Bryson sent a memo, obtained by the Washington Post, to employees of the Commerce Department on Monday evening:
Dear Commerce Team,
This evening, I notified Deputy Secretary Rebecca Blank that I am taking a medical leave of absence in order to focus on resolving my health issues that arose over the weekend.
During this time, I will not perform the functions and duties of Commerce Secretary. Therefore, I am transferring these responsibilities to Dr. Blank who will serve as Acting Secretary, effective immediately.
As you know, Dr. Blank has strengthened our Department in this role before. I have every confidence in her.
I know that all of you will work to make this a seamless transition, and I thank you in advance for your continued work to help America's businesses drive economic growth and job creation at this crucial moment in our nation's recovery.
Finally, I want to thank all of you personally for your warm thoughts and support.
Speculation has run rampant since the secretary was involved in a strange series of car accidents in the San Gabriel Valley over the weekend.
Officials at the Department of Commerce have said that Bryson has "limited recall" of Saturday's events, during which he reportedly rear-ended a Buick waiting at railroad crossing twice, before striking a second car less than two miles later.
The secretary was found unconscious in his vehicle at the site of the second accident.
American Crossroads, the Super PAC founded by Republican strategist Karl Rove tweeted its incredulity yesterday:
The nearest hospital to the scene would have been the Silver Lake Medical Center, less than a mile from the spot where Bryson was found unconscious in his Lexus.
But, the Weekly learned from an anonymous source yesterday, about seven miles and fifteen minutes away is Huntington Hospital--where Bryson's well-positioned wife, Louise, sits on the board of directors.
The question is, if Bryson was indeed admitted to Huntington Hospital, could he have been given special treatment because of his wife's position there?
A representative from the Sheriff's Department said he could not disclose to which hospital the secretary was taken.
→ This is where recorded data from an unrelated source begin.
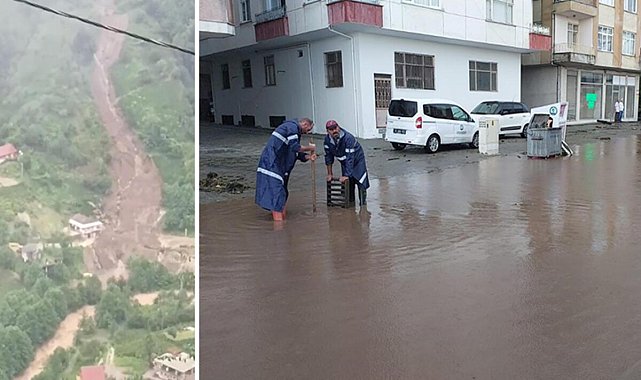 Rize’de dün akşam saatlerinde başlayan şiddetli yağmur etkisini gece saatlerinden itibaren sürdürmeye devam etti. Şiddetli yağmur nedeniyle Çayeli ilçesindeki Madenli, Şairler ve Aşıklar Deresi'nin suları yükseldi. Çayeli ilçesine bağlı Yalı Mahallesi'nde dere taşarak yola İshakoğlu İlkokulu bahçesini su bastı. İlçede meydana gelen heyelanlardan ötürü 5 köy yolu ulaşıma kapandı. İhbarların hemen ardından bölgeye giden AFAD ekiplerinin incelemesinin ardından 8 ev tedbir amacıyla boşaltılarak, 24 kişi tahliye edildi. Heyelandan ötürü kapanan yollar çevre ilçelerden gelen belediye ve il özel idaresi ekipleri iş makineleriyle yol açma çalışmalarını sürdürüyor. “ÇOK ŞÜKÜR İLÇEDE CAN KAYBI YOK AMA MADDİ ANLAMDA HASAR ÇOK” Çayeli Belediye Başkanı İsmail Hakkı Çiftçi, “Sabahın erken saatlerinden itibaren sahadaydık. İlk ihbarlar Aşıklar bölgesinden geldi. Bir aile evini terk etmiş camiye sığınmış. Ayakta olan arkadaşları uyararak sahaya çıktık. Henüz gün ışığı açmamıştı. Özellikle can kayıplarının olabileceği bölgeyi görelim ve tedbir alalım diye o bölgeye gittik. Fakat kaç yerden uğraştıysak da camiye sığınan vatandaşlarımıza ulaşamadık. 7-8 tane farklı yolu denedik ama ulaşamadık. Bölgeye ekiplerimizi yönlendirdik.Yolu açmaya çalışıyorlar. Aşıklar yolu girişinde bulunan kız İmam Hatip Lisesinin karşısında bir eve derenin taşkın sularının girmesiyle beraber zemin kattaki bir aile tehdit altındaydı. AFAD’ın da yardımıyla oradaki aileyi kurtardık. Çok şükür ilçede can kaybı yok ama maddi anlamda hasar çok. Bunlar telafi edilebilecek şeyler. İnşallah bu kapalı yolları, tehdit altında olan yerleri en kısa sürede yolları açarak vatandaşlarla şehri bütünleştireceğiz. AFAD’la birlikte tespitlerimizi yapacağız. Burasıda Küçüktaşhane Mahallesinde 23 kamyona yakın bir hafriyat var. Günün erken saatlerinden itibaren arkadaşlar sahada bulunduğu için bu yolu açmak için geldiler. Belediye olarak sayıyla var. Hepsine yetişemedik.Çevre belediye başkanları aradılar. Onlarında ekipmanlarıyla bu mağduriyet giderilecek. Hemşehrilerimize şunu söylüyoruz, çok şükür can kaybımız yok. Sakin olalım. Şehre ulaşmayla ilgili sıkıntı olabilir. Bugün Cuma herkesin de şehre gelmek istediği bir gün. Biraz sabır ve bizimde gayretimizle inşallah birlikte bu sıkıntıyı da aşacağız” şeklinde konuştu.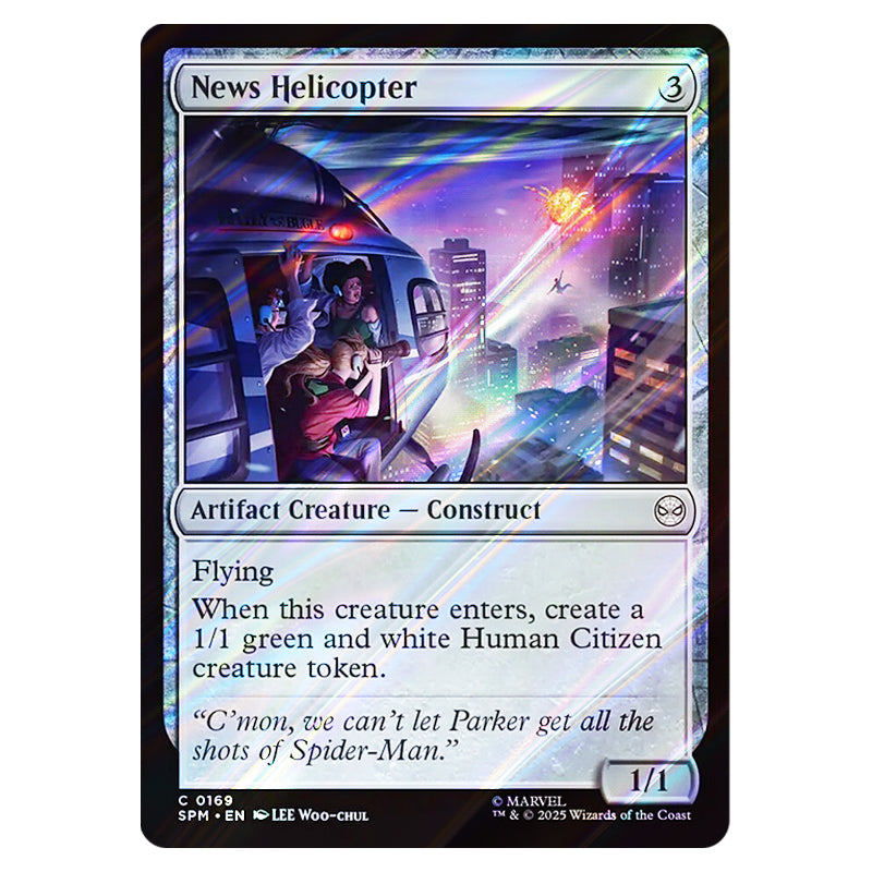 News Helicopter is a Common, Artifact Creature - Construct card from the Magic The Gathering set Marvel's Spider-Man (MTGSC-SPM-0169)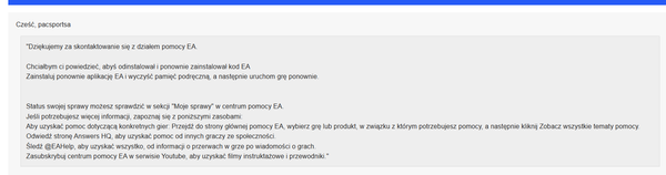 • Mam to samo niestety , wcześniej gra działała od wczoraj mam problem z jej uruchomieniem... Pojawiają się komunikaty sprawdzanie środowiska gry , sprawdzanie aktualizacji , uruchamianie javelin anticheat. Po sprawdzeniu tego wszystkiego na chwilę pojawia się zminimalizowane okno gry a potem wraca z powrotem do aplikacji EA...
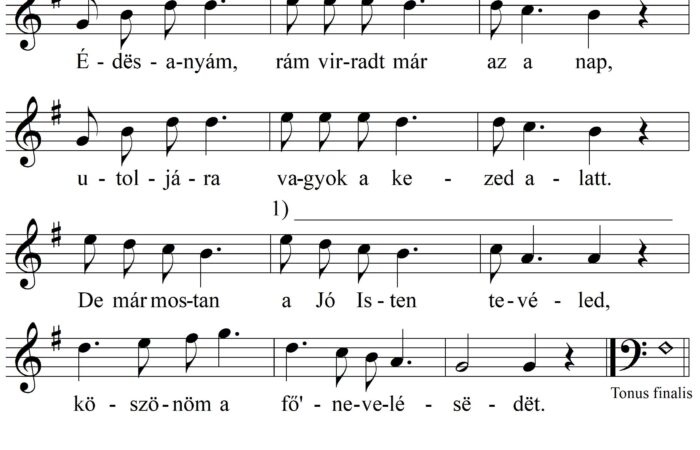 1. Édesanyám, rám virradt már az a nap, Utoljára vagyok a kezed alatt, De már mostan a Jó Isten tevéled,...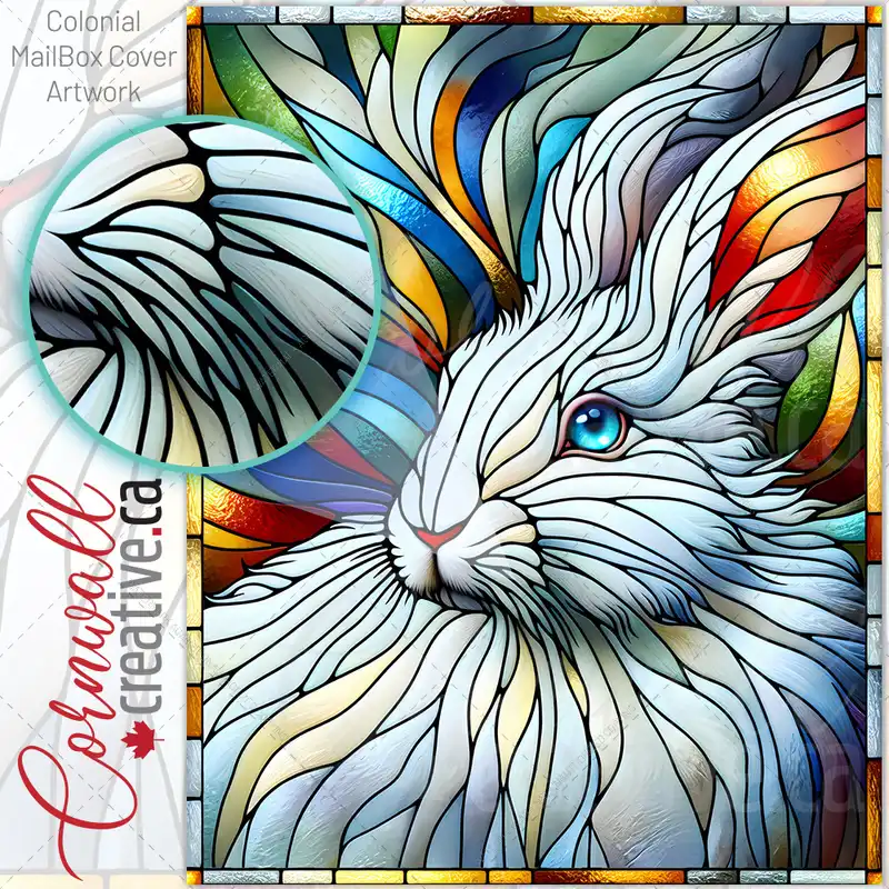 Stained Glass White Rabbit Colonial Mailbox Cover

He did however say that blood samples, of the kind that were taken after the crash to confirm the secretary's sobriety, would have been administered by that hospital.
Bryson was cited for a felony hit and run, but was not arrested at the time.
The White House was not notified of the accidents until late Sunday night; President Obama himself was informed Monday morning. Officials from both the Department of Commerce and the White House told reporters that this was the first time Bryson had suffered a seizure.